(EXTRACTED RECORDS)

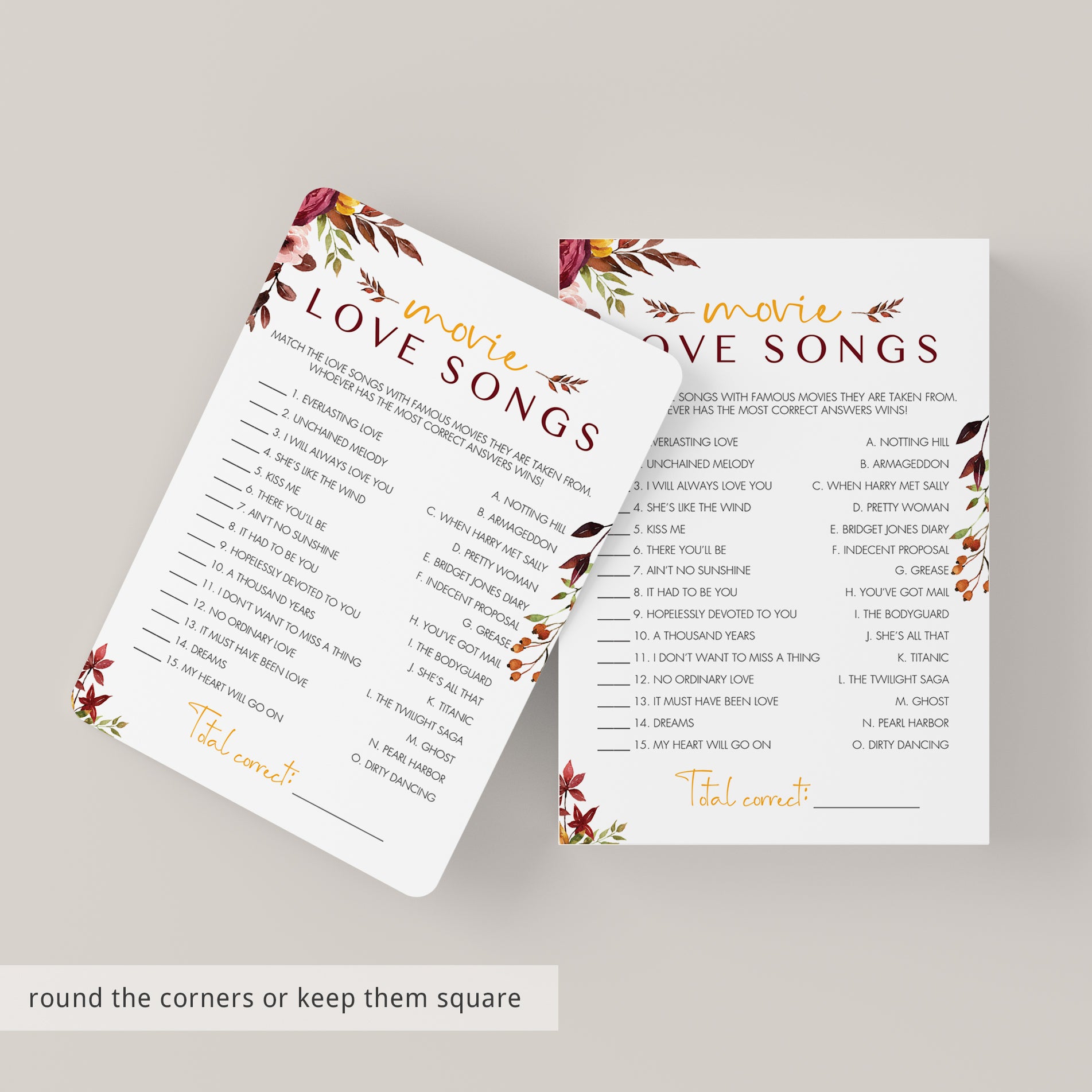 Are you looking for a fun game to play at your bridal party or wedding shower? Play Match The Movie Love Song with these burgundy floral game cards. It's the perfect icebreaker game for your autumn theme party and will sure get everyone in the right mood.
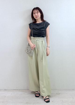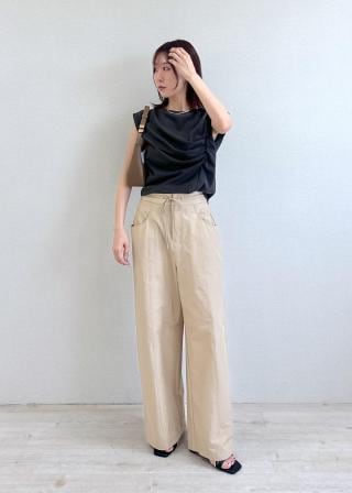 インに出来る位置でドレープを止めているので様々なボトムスと相性抜群。
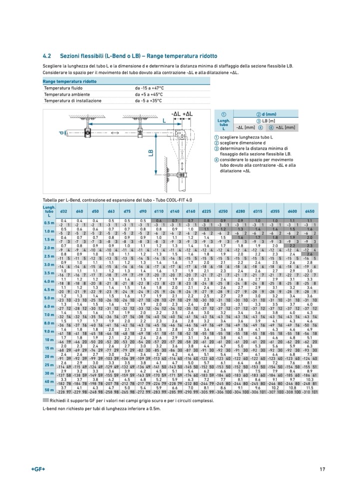Tabella per L-Bend, contrazione ed espansione del tubo - Tubo COOL-FIT 4.
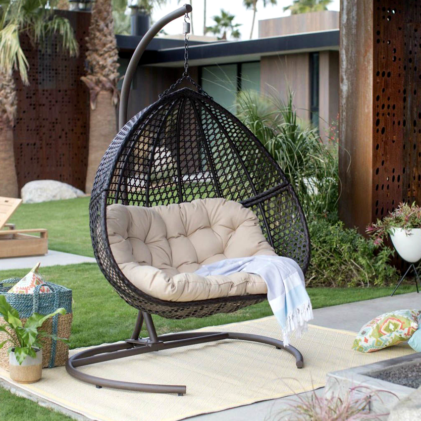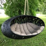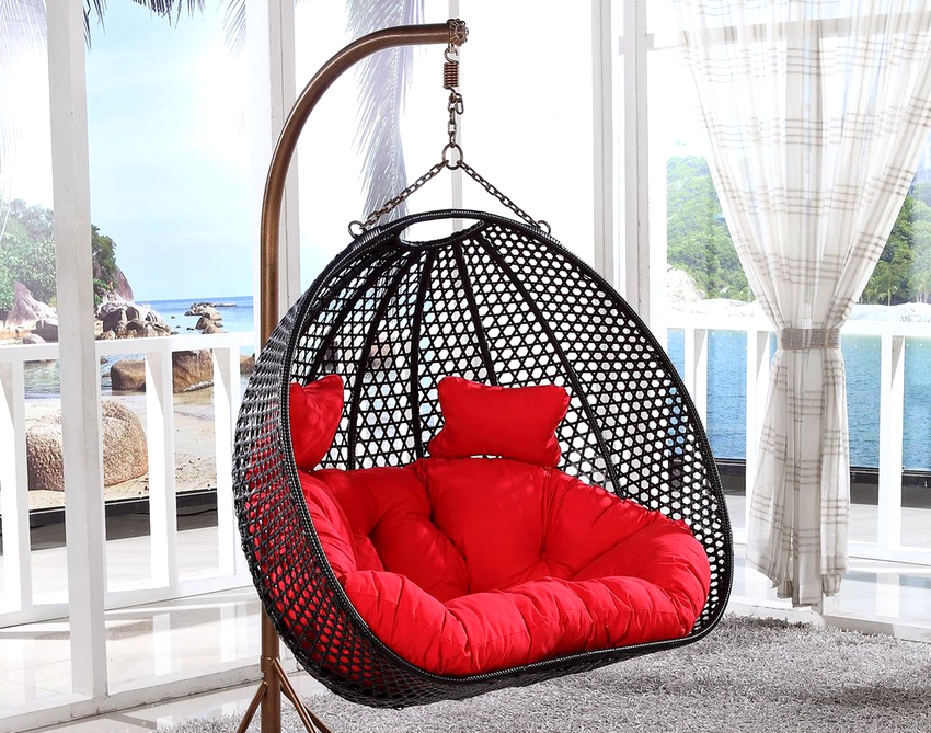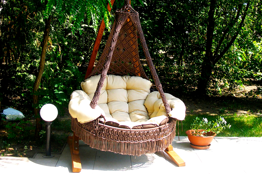 - Practicidad y capacidad para soportar cargas pesadas. La mayoría de las sillas colgantes de ratán están diseñadas para una carga de aproximadamente 120 kg. Los productos fabricados con materiales artificiales o sobre un marco de metal son capaces de soportar un peso de hasta 150 kg, que será suficiente para dos personas de complexión media o para un adulto con un niño.
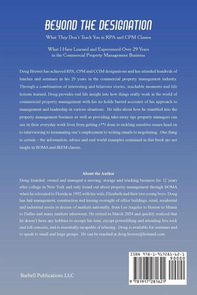 Doug Brewer has achieved RPA, CPM and CCIM designations and has attended hundreds of lunches and seminars in his 29 years in the commercial property management industry. Through a combination of interesting and hilarious stories, teachable moments and life lessons learned, Doug provides real life insight into how things really work in the world of commercial property management with his no holds barred accounts of his approach to management and leadership in various situations. He talks about how he stumbled into the property management business as well as providing take-away tips property managers can use in their everyday work lives from getting s#%& done to tackling sensitive issues head on to interviewing to terminating one's employment to writing emails to negotiating.One thing is certain - the information, advice and real world examples contained in this book are not taught in BOMA and IREM classes.
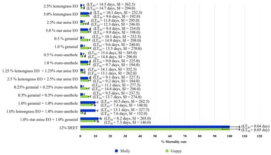 Mortality rates ±SE of single-component formulations and combinations against molly and guppy at 10 days post-treatment. Note: Mean mortality rates ±SE within a row followed by the same letter do not differ significantly (Tukey’s post hoc test p < 0.05); LT50 = 50% Lethal Time; Safety index (SI): SI > 1 signifies that the formulation was safer than DEET for the non-target species, and SI < 1 signifies that the formulation was less safe than DEET for the non-target species.
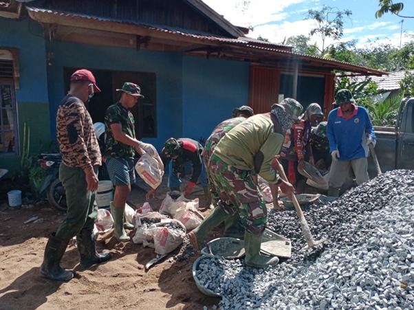 “Dalam pelaksanaan pengecoran jalan rabat beton ini sebagian para anggota satgas TMMD masih melaksanakan aktifitasnya dalam melangsir koral dan pasir untuk didekatkan ke mesin molen yang nantinya akan dijadikan adukan cor” ungkap Sertu Ronisal.

(End EXTRACTED RECORDS)

#### TASK TO COMPLETE
Output only the lines from the start of the data through the line that holds "Mortality rates ±SE of". Keep them exact and leave the pictures out.

#### ANSWER TO THIS EXERCISE
 Are you looking for a fun game to play at your bridal party or wedding shower? Play Match The Movie Love Song with these burgundy floral game cards. It's the perfect icebreaker game for your autumn theme party and will sure get everyone in the right mood.
 インに出来る位置でドレープを止めているので様々なボトムスと相性抜群。
Tabella per L-Bend, contrazione ed espansione del tubo - Tubo COOL-FIT 4.
 - Practicidad y capacidad para soportar cargas pesadas. La mayoría de las sillas colgantes de ratán están diseñadas para una carga de aproximadamente 120 kg. Los productos fabricados con materiales artificiales o sobre un marco de metal son capaces de soportar un peso de hasta 150 kg, que será suficiente para dos personas de complexión media o para un adulto con un niño.
 Doug Brewer has achieved RPA, CPM and CCIM designations and has attended hundreds of lunches and seminars in his 29 years in the commercial property management industry. Through a combination of interesting and hilarious stories, teachable moments and life lessons learned, Doug provides real life insight into how things really work in the world of commercial property management with his no holds barred accounts of his approach to management and leadership in various situations. He talks about how he stumbled into the property management business as well as providing take-away tips property managers can use in their everyday work lives from getting s#%& done to tackling sensitive issues head on to interviewing to terminating one's employment to writing emails to negotiating.One thing is certain - the information, advice and real world examples contained in this book are not taught in BOMA and IREM classes.
 Mortality rates ±SE of single-component formulations and combinations against molly and guppy at 10 days post-treatment. Note: Mean mortality rates ±SE within a row followed by the same letter do not differ significantly (Tukey’s post hoc test p < 0.05); LT50 = 50% Lethal Time; Safety index (SI): SI > 1 signifies that the formulation was safer than DEET for the non-target species, and SI < 1 signifies that the formulation was less safe than DEET for the non-target species.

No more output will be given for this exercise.